Not another school shooting – Lord, have mercy!

Online prayer resources for shooting at Sandy Hook elementary school here

Timothy Merrill is the editor of Homiletics magazine. This is his prayer for Advent in light of the tragedy in Newtown.

Dear Colleagues in Ministry
I am writing to you in response to yet another massacre of innocents, the killings of twenty kindergarten children at Sandy Hook Elementary school in Newtown, Connecticut.
This has become a much too common experience for us, yet we are numb with shock and grief. Sunday is Advent 3, when many churches will have families and children assist in lighting the third Advent candle of Joy.
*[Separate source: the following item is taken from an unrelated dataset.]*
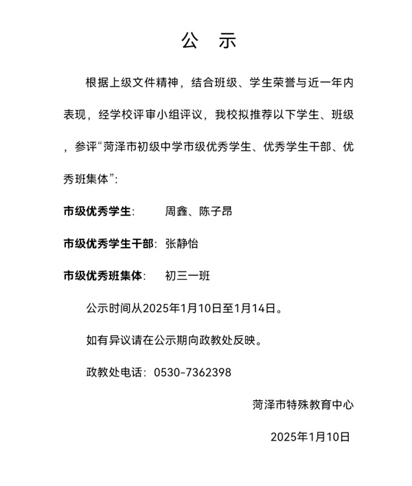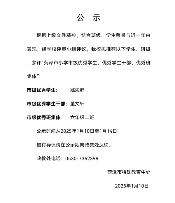 菏澤市特殊教育中心擬推薦市級優(yōu)秀學生、優(yōu)秀學生干部及優(yōu)秀班集體公示

Perhaps you will want to keep that candle dark and extinguished this year, and light instead a Candle of Remembrance and Grief.

A Prayer for Comfort
Gentle, Compassionate,
Loving God,
Hear the cries of your joyless, sorrowful people.

Our prayers go out to the families of Newtown and Sandy Hook Elementary School who have experienced incomprehensible loss.
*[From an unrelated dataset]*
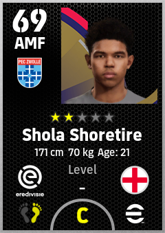 . Shola Shoretire is a Attacking Midfielder footballer from England who plays for Pec Zwolle in eFootball 2026.
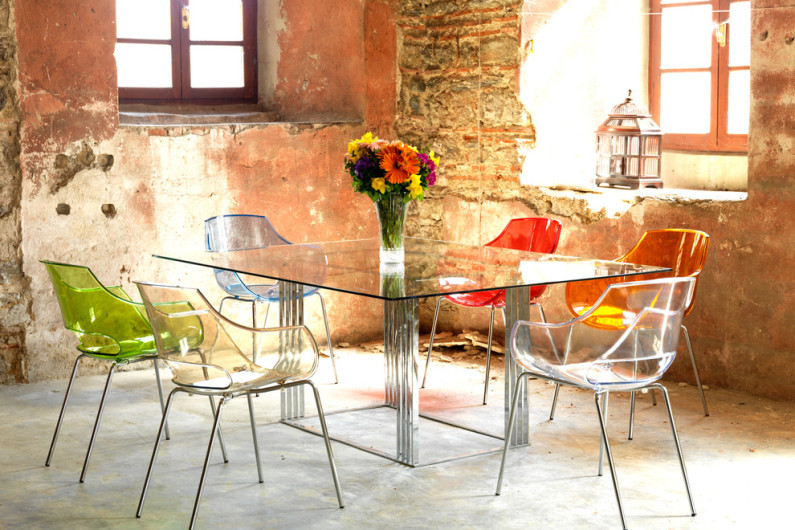 - Die Kombination von Plastiksitzen und Metallbeinen in Möbeln ist die praktischste und eine der häufigsten Wahlmöglichkeiten für die Küche. Diese Materialien sind leicht zu pflegen, haben keine Angst vor Feuchtigkeit und hohen Temperaturen. Moderne Technologien erlauben die Plastizität, um die meisten unerwarteten Biegungen und Formen zu geben.Zufrieden mit der Auswahl und Farbpalette von Kunststoffsitzen. Dies ist eine gute Option nicht nur für eine Stadtwohnung, sondern auch für ein Sommercafé, sowie eine offene Veranda eines Landhauses. Eine der Kunststoffsorten ist Polycarbonat. Produkte daraus in den letzten Jahren werden immer beliebter. Es gilt als ein haltbareres Material als Kunststoff. Stühle aus Polycarbonat können einer Person mit einem Gewicht von ca. 200 kg standhalten.

We come to you now with heavy hearts and in deep sorrow.

There is no joy on this Advent Sunday of joy,
This was a slaughter of innocents,
Twenty kindergarten children, perhaps scribbling
Christmas cards in crayon for their parents-gunned down.
The parents–They’re burdened now with unfathomable grief.
Their pain and numbness must be beyond words and thoughts.

We cry out and ask WHY God,
WHY this carnage at Christmas?
As we celebrate a child born in Bethlehem,
The lives of children scarcely out of the cradle
are snuffed out and gone forever except in our hearts.

With the prophet of old we cry out,
“Oh that my head were a spring of water
And my eyes a fountain of tears!
I would weep day and night for the slain of my people.
Is there no balm in Gilead?
Why then is there no healing
For the wound of my people?”

We do not understand.
Why Lord?
We plead with you for answers.
Why?

Until we hear from you O God, we cannot light a candle of joy,
We light instead a candle of Remembrance, a candle of Grief and Sorrow,
And we remember that You weep with us.

In the weeping and mourning, may we feel Your Eternal Presence,
and may we know Your Comforting Spirit covering us as a warm blanket of peace.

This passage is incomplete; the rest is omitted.